# taz.de -- Inflationsgefahr in Europa: Die Geister, die ich rief
       
       > In vielen Bereichen steigen derzeit die Preise. Die Gründe sind
       > vielfältig. Ein Risikofaktor ist neu: die Inflationserwartung.
       
 (IMG) Bild: Die Fahrt zur Tankstelle wird immer schmerzhafter. Diesel ist inzwischen so teuer wie nie
       
       Berlin taz | Steigende Preise gibt es nicht mehr nur bei Fahrrädern und
       Computern. Auch Lebensmittel werden immer teurer. Diesel kostet derzeit so
       viel wie noch nie in Deutschland. Und auch der Gaspreis ist auf
       Rekordniveau.
       
       Die Inflation im Euroraum ist im September so stark gestiegen wie seit 13
       Jahren nicht mehr.
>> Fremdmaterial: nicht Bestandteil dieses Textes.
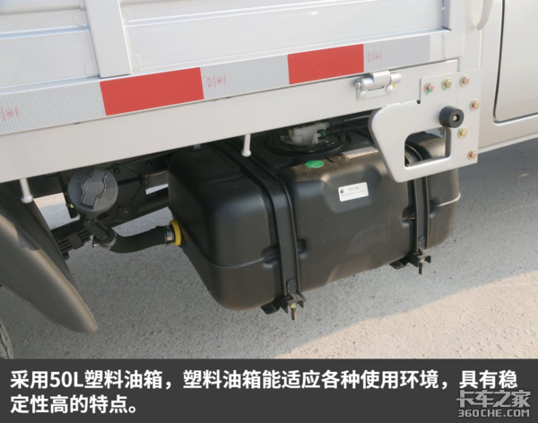 宽大的直通梁、全浮式后桥以及少片簧和后双胎的搭配,可以从底盘配置上对比出差别,这款车要比传统的微卡用单胎、面包车底盘的承载力要更强更能装行驶更加平稳。

Angetrieben vor allem von massiv gestiegenen Kosten für
       Öl und Gas kletterten die Verbraucherpreise binnen Jahresfrist um 3,4
       Prozent, wie die europäische Statistikbehörde Eurostat am Mittwoch
       mitteilte und damit eine erste Schätzung von Anfang Oktober bestätigte. Das
       ist der höchste Wert seit September 2008.
       
       In Deutschland betrug sie gar 4,1 Prozent. Einige Ökonomen rechnen damit,
       dass die Preissteigerung bis Jahresende mehr als 5 Prozent betragen könnte.
       Schon ist von einer „galoppierenden Inflation“ die Rede, die nicht nur
       Einkommensschwache treffen würde. Auch der Mittelstand beklagt eine
       „Preisexplosion“. Sie stelle eine massive Belastung der Wirtschaft dar –
       und gefährde Arbeitsplätze, Wachstum und Wohlstand.
       
       Trotzdem versuchen die Notenbanker der Europäischen Zentralbank (EZB) und
       Wirtschaftsforschungsinstitute bislang zu [1][beschwichtigen]. Ein Großteil
       des derzeitigen Inflationsanstiegs in Deutschland sei auf statistische
       Einmaleffekte wie die Rücknahme der Mehrwertsteuersenkung zurückzuführen,
       sagt Kerstin Bernoth, Ökonomin am Deutschen Institut für
       Wirtschaftsforschung. Die Bundesregierung hatte für das zweite Halbjahr
       2020 die Mehrwertsteuer gesenkt, um inmitten der Pandemie den Konsum
       anzukurbeln. Und da die Inflation immer gegenüber den Preisen des
       Vorjahresmonats gemessen wird, wirkt die Rate derzeit besonders hoch.
       
       Die Energiepreise waren 2020 ebenfalls stark gefallen und haben sich nun
       aufgrund von Nachholeffekten durch das Wiederanfahren der Wirtschaft nach
       Corona kräftig erholt. Auch hier sind also Basiseffekte, wie bei den
       Mehrwertsteuern vorhanden, sagt Bernoth. „Die gestiegene Nachfrage nach
       Energie hat unweigerlich auch höhere Preise zur Folge.“
       
       ## Selbsterfüllende Prophezeiung
       
       Doch gegenüber dem Sommer sehen einige Ökonomen inzwischen einen neuen
       Risikofaktor: die Inflationserwartung. Wenn zu viele Unternehmer und
       Händler trotz der Beschwichtigungen der Ökonomen erwarten, dass die Preise
       in der nächsten Zeit deutlich steigen, und sie deswegen selbst ihre Preise
       erhöhen, könnte das eine Preis-Lohn-Spirale auslösen. Sprich: Es wird
       wirklich alles teurer.
       
       Noch ist das nicht der Fall. Bei der regelmäßigen Befragung der EZB von
       Volkswirten, wie sie die künftige Preisentwicklung einschätzen, ist von
       Unruhe nicht viel zu spüren. Die meisten Befragten glauben, dass der
       Anstieg der Verbraucherpreise im kommenden und im übernächsten Jahr nur
       leicht über 2 Prozent liegen wird. Das ist ziemlich genau der Wert, den die
       EZB als optimal für die Wirtschaft anpeilt.